Он не мог больше говорить; потому что слова тяжелым комом застряли в его горле. Жанна тотчас же обратила внимание на эту странную паузу, отбросила назад голову, уперлась руками в его грудь и глубоко заглянула в его глаза. Филипп понял, что он не имеет права дольше медлить, так как в своей эгоистической радости и без того потерял много драгоценных минут.

– Жанна! – твердо сказал он. – Пьер рассказал мне всё! Все, начиная с того дня, как он нашел вас крохотной девочкой в снегу и кончая минутой, когда ваш отец снова появился в вашем форте.

Он почувствовал, что она с каждой минутой дрожит все сильнее, и быстро продолжал:

– Дорогая моя, я должен вам сообщить, что сегодня вечером в нашем лагере произошел очень тягостный инцидент. Пьер ранен и очень хотел бы видеть вас. Что же касается Торпа, то он умер!

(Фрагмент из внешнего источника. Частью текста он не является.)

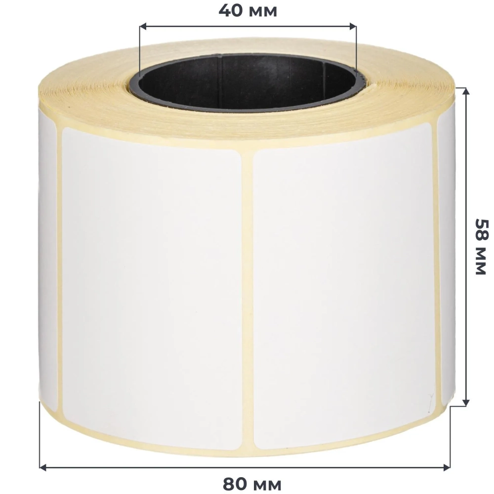 Термотрансферные этикетки ПГЛ 58х40, 700шт/рул, вт.40, 48рул/уп

На один миг Филипп испугался того, что должно было случиться в ближайшую минуту. Жанна замерла. Судороги ее прекратились, и она лежала в его объятиях, как мертвая. И вдруг страшно, душераздирающе закричала, вырвалась из его объятий и, бледная, как полотно, остановилась на расстоянии нескольких шагов от Филиппа.

– Он умер?

– Да, он умер!

– Значит, Пьер убил его?

Филипп протянул вперед руки, но она, казалось, не обращала на это никакого внимания. Она прочла ответ на его лице.

– И Пьер… ранен? – продолжала она спрашивать, не отрывая от него огромных сверкающих глаз.

Прежде чем ответить, он схватил ее за руки, точно надеясь на то, что жаром своей любви сумеет смягчить удар, который должен был нанести.

– Да, Жанна, он ранен! – сказал он тихо. – Мы должны спешить, потому что я боюсь… я боюсь, что мы и без того потеряли много времени.

– Он умирает?

– Да, Жанна, боюсь, что это так!

Он опустил глаза, не в силах выдержать ее пытливый взгляд, вышел с ней из круга света, отбрасываемого огнем, и направился к той стороне скалы, которая спускалась в равнину. Вдруг Жанна остановилась и крепко сжала его пальцы. Она повернулась лицом к угрюмому, черному лесу, лежавшему на юго-западе. На расстоянии одной или двух миль поверх леса внезапно зажегся ответный сигнал, который разодрал непроглядную завесу, скрывавшую весь пейзаж.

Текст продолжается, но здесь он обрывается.